(Collected data)
# # # #

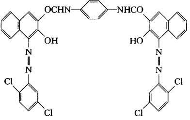 制法 由2,5-二氯苯胺经重氮化后与2,3-酸偶合,所得产物经酸化和用氯化亚砜酰氯化后,与对苯二胺缩合而得。
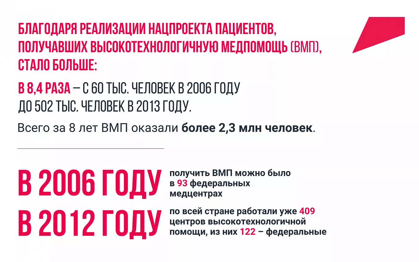 Благодаря его реализации пациентов, получавших высокотехнологичную медпомощь (ВМП), стало больше в 8,4 раза – с 60 тысяч человек в 2006 году до 502 тысяч человек в 2013 -м. Всего за 8 лет ВМП оказали более 2,3 млн человек.
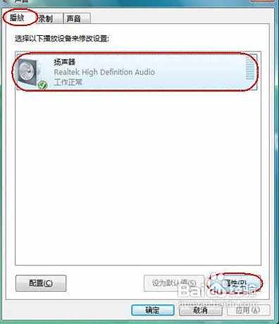 (1)在“控制面板”窗口中双击“声音及音频设备”图标,打开“声音及音频设备”属性对话框,它提供了检查配置系统声音环境的手段。这个对话框包含了音量、声音、音频、语声和硬件共5个选项卡。
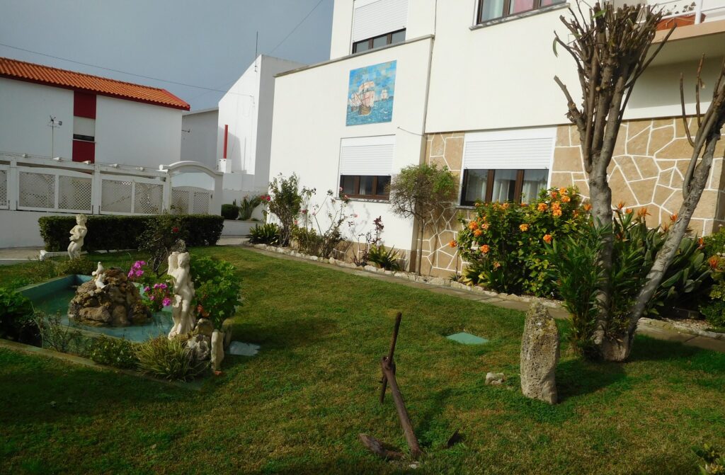 Det finns många fina trädgårdar häromkring och detta är en av dom. Lägg märke till det fina kaklet av segelfartyg på väggen ovanför fönstret.
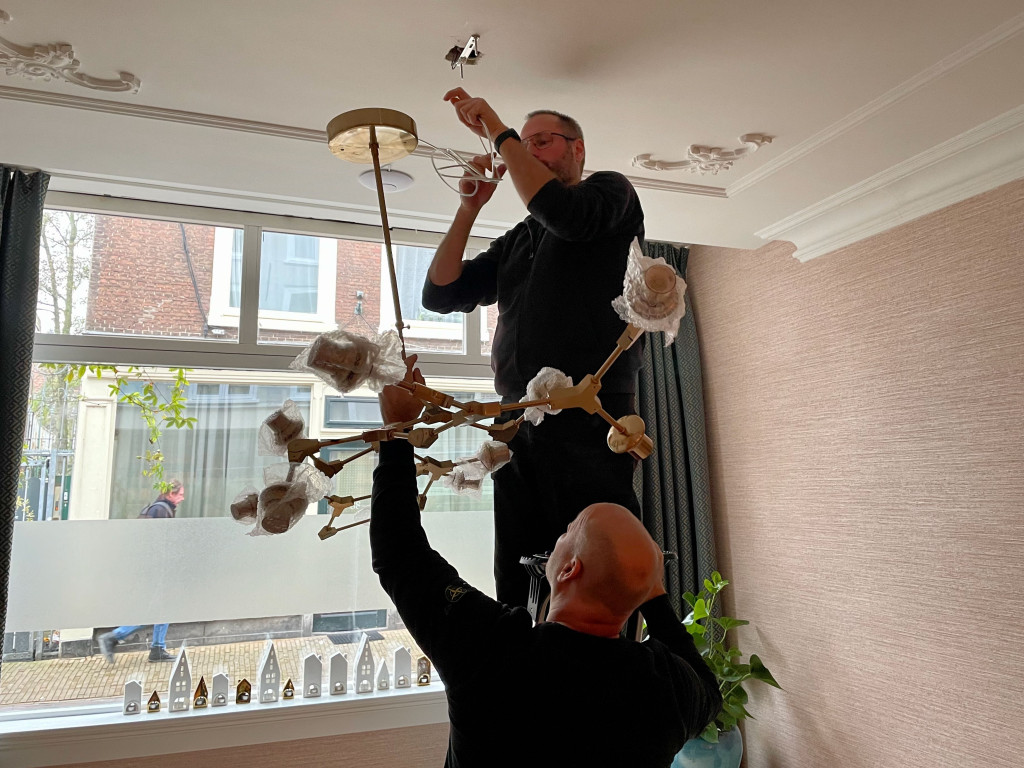 En zo rollen we langzaam de kerstdagen in. Eergisteren zou de nieuwe lamp boven de tafel komen in de middag. Hoe leuk dat deze in de ochtend (maar op een Christelijk tijdstip) al kwam. Het is een wonder van schoonheid.

# # # #

Set down every entry above verbatim, without pictures.

**Exercise response:**
 制法 由2,5-二氯苯胺经重氮化后与2,3-酸偶合,所得产物经酸化和用氯化亚砜酰氯化后,与对苯二胺缩合而得。
 Благодаря его реализации пациентов, получавших высокотехнологичную медпомощь (ВМП), стало больше в 8,4 раза – с 60 тысяч человек в 2006 году до 502 тысяч человек в 2013 -м. Всего за 8 лет ВМП оказали более 2,3 млн человек.
 (1)在“控制面板”窗口中双击“声音及音频设备”图标,打开“声音及音频设备”属性对话框,它提供了检查配置系统声音环境的手段。这个对话框包含了音量、声音、音频、语声和硬件共5个选项卡。
 Det finns många fina trädgårdar häromkring och detta är en av dom. Lägg märke till det fina kaklet av segelfartyg på väggen ovanför fönstret.
 En zo rollen we langzaam de kerstdagen in. Eergisteren zou de nieuwe lamp boven de tafel komen in de middag. Hoe leuk dat deze in de ochtend (maar op een Christelijk tijdstip) al kwam. Het is een wonder van schoonheid.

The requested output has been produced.